**Action item**: Begin at the line below that has "De gezellige woonkamer". Stop after the line that has "허어엉 ㅠㅠㅠ 너무 슬프다..", repeating each line exactly and leaving out the pictures.

**Supplied entries**:

- - - -

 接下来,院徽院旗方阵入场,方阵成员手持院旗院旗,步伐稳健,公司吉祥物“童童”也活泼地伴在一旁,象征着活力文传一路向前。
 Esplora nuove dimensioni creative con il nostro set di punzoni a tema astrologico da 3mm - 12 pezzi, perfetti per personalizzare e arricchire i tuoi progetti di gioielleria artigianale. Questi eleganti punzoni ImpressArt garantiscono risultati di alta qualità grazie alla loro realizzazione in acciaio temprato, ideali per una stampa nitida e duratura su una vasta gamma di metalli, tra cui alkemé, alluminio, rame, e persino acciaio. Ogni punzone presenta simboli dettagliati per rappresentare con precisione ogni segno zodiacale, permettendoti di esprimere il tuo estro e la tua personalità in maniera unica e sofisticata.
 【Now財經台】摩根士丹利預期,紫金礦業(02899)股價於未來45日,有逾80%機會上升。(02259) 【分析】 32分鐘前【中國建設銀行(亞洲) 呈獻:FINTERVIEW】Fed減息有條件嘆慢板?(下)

- - - -

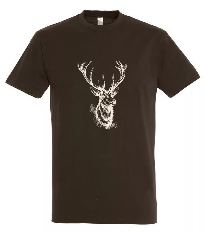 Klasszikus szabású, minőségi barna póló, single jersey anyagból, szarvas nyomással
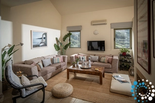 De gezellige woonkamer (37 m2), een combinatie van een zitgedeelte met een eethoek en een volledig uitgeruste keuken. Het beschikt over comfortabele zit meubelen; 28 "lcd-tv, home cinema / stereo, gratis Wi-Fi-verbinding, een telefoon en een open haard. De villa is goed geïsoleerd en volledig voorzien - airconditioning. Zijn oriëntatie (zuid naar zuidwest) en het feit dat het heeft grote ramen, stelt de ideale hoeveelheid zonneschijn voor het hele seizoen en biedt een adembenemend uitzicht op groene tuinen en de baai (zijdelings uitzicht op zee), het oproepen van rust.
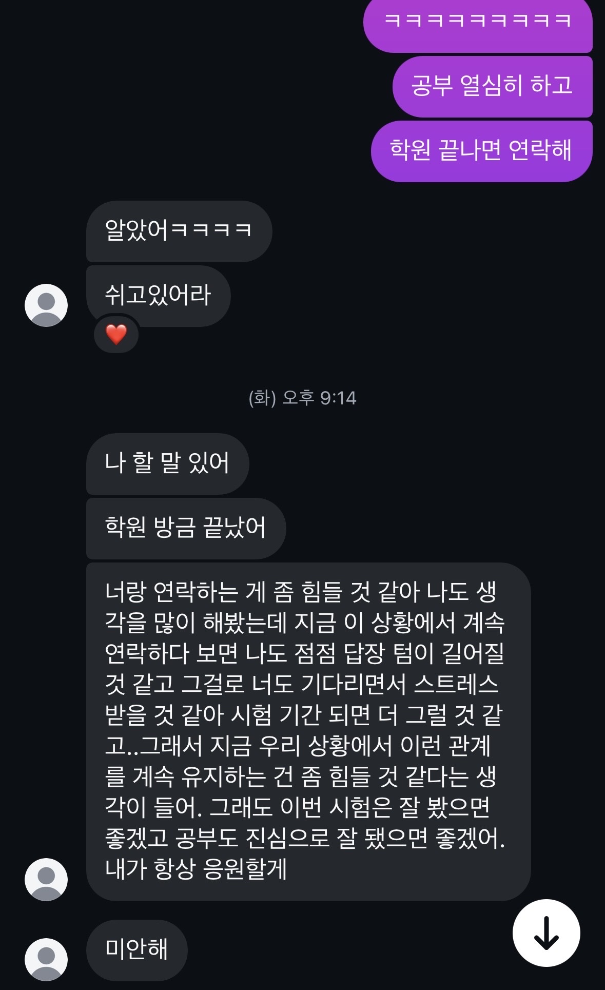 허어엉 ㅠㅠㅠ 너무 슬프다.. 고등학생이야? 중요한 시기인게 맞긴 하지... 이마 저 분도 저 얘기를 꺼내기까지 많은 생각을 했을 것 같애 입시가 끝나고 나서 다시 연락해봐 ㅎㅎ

- - - -

**Output of the task**:
 De gezellige woonkamer (37 m2), een combinatie van een zitgedeelte met een eethoek en een volledig uitgeruste keuken. Het beschikt over comfortabele zit meubelen; 28 "lcd-tv, home cinema / stereo, gratis Wi-Fi-verbinding, een telefoon en een open haard. De villa is goed geïsoleerd en volledig voorzien - airconditioning. Zijn oriëntatie (zuid naar zuidwest) en het feit dat het heeft grote ramen, stelt de ideale hoeveelheid zonneschijn voor het hele seizoen en biedt een adembenemend uitzicht op groene tuinen en de baai (zijdelings uitzicht op zee), het oproepen van rust.
 허어엉 ㅠㅠㅠ 너무 슬프다.. 고등학생이야? 중요한 시기인게 맞긴 하지... 이마 저 분도 저 얘기를 꺼내기까지 많은 생각을 했을 것 같애 입시가 끝나고 나서 다시 연락해봐 ㅎㅎ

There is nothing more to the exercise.